Dolly Parton Shares The Vaccine News Fans Have Been Waiting For

It’s official: National treasure Dolly Parton has received her first dose of the COVID-19 vaccine. The 75-year-old country music legend shared the news on her Twitter account on Tuesday, March 2. Parton first posted a photo of herself, looking glamorous as always in a sparkly dark purple number with a matching mask and a beautiful necklace, as a doctor administered the vaccine.

“Dolly gets a dose of her own medicine,” she wrote, and tagged Vanderbilt University Medical Center’s Twitter account.

In a follow-up Tweet, Parton shared a video with more information about her own vaccination and a message to her fans urging them to get the shot as soon as possible.

“I’m very happy that I’m gonna get my Moderna shot today,” Parton told viewers. “I want to tell everybody that you should get out there and do it, too.

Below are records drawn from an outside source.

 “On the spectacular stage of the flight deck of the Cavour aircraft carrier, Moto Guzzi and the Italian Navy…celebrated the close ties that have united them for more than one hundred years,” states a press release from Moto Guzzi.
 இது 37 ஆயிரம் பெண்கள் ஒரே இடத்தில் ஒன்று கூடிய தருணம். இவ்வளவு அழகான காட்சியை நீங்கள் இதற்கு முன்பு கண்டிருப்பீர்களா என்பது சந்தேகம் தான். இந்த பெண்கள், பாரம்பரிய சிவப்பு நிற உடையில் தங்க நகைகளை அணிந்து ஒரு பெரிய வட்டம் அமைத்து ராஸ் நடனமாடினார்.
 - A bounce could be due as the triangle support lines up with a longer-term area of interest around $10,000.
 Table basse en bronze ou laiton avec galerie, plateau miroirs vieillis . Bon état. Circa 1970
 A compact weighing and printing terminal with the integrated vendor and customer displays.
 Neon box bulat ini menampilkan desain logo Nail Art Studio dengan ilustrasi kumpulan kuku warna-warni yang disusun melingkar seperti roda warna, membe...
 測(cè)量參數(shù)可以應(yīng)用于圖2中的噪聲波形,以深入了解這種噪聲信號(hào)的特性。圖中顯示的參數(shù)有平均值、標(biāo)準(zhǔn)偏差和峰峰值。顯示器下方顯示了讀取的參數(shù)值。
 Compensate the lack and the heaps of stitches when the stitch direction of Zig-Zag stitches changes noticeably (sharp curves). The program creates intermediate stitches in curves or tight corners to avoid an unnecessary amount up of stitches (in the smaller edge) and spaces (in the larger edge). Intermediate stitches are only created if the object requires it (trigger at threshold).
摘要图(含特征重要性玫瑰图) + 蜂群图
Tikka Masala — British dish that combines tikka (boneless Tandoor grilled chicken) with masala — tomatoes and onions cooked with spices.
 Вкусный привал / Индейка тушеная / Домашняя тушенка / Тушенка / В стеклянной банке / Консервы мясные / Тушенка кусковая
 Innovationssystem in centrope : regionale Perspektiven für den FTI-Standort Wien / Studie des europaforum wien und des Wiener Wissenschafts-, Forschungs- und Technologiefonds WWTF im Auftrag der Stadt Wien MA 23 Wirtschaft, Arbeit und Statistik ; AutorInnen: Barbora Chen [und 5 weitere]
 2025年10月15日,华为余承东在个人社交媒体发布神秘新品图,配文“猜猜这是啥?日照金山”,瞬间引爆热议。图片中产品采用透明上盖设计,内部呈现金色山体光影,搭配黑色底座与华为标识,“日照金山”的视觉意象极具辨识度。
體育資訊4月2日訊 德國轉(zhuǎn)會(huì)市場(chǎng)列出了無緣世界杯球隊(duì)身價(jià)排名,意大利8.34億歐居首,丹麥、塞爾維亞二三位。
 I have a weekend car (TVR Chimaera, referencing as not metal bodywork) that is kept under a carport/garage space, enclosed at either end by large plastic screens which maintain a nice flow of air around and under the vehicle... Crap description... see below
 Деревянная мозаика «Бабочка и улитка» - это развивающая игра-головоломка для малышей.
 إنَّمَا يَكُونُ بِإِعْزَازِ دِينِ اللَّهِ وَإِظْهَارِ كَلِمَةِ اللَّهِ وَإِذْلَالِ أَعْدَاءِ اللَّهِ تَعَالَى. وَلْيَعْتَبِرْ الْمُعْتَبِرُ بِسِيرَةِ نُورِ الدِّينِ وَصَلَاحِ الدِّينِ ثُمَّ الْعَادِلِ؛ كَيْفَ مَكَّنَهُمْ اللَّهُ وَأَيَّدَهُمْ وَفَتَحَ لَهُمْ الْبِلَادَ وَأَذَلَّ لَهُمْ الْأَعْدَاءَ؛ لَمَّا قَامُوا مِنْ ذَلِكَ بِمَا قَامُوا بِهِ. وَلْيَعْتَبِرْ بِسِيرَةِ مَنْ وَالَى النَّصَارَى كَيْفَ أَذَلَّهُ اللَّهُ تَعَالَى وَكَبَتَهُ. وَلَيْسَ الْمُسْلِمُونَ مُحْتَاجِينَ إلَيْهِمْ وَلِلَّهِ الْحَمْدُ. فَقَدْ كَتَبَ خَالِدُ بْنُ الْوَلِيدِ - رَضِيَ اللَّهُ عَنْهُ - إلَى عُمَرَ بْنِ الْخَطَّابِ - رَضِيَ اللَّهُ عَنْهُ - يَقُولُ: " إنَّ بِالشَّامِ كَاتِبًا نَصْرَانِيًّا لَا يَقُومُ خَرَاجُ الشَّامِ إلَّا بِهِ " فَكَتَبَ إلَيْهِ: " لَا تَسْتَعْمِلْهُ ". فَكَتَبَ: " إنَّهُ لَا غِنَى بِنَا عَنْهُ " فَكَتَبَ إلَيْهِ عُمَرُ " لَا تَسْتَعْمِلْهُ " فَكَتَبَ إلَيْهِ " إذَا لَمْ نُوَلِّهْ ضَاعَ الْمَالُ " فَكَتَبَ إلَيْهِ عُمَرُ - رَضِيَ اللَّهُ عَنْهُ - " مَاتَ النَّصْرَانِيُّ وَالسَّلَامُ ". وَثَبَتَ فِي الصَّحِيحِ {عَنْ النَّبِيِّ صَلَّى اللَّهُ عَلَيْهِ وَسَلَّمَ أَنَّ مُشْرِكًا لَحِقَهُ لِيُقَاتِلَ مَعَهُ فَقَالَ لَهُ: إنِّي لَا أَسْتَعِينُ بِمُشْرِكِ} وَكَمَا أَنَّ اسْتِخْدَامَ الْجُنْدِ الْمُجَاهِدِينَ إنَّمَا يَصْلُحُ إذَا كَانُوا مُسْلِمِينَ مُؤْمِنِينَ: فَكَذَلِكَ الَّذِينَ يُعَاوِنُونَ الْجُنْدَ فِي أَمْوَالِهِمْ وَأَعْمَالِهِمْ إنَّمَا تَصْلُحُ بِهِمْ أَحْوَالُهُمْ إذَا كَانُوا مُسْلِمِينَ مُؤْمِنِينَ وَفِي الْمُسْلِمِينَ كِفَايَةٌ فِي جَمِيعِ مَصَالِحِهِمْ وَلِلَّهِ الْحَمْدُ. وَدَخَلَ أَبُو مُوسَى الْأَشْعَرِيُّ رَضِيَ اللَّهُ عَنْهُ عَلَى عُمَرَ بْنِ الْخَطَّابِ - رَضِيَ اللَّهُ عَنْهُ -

I even changed one of my songs to fit the occasion.”

Parton broke out into song

Singing to the tune of her famous song “Jolene,” Parton adjusted the lyrics to encourage everyone to get vaccinated.

“Vaccine, vaccine, vaccine, vaccine / I’m begging of you, please don’t hesitate,” she sang. “Vaccine, vaccine, vaccine, vaccine / ‘Cause once you’re dead then that’s a bit too late.”

All jokes aside, Parton said she’s “dead serious” about the vaccine.

“I just wanted to encourage everybody, because the sooner we get to feeling better, the sooner we are gonna get back to being normal,” she said. And Parton didn’t exactly mince words when it was time to address anti-vaxxers.

“I just want to say to all you cowards out there, don’t be such a chicken squat,” she said. “Get out there and get your shot!”

The video showed Parton being given her shot by a doctor and longtime friend of hers at Vanderbilt University Medical Center. Afterward she noted that it didn’t hurt, and concluded the video by excitedly stating, “I did it!” 

As reported by CBS8, Parton helped fund the development of the Moderna vaccine, and she also made a one million dollar donation to Vanderbilt to go toward vaccine and COVID research.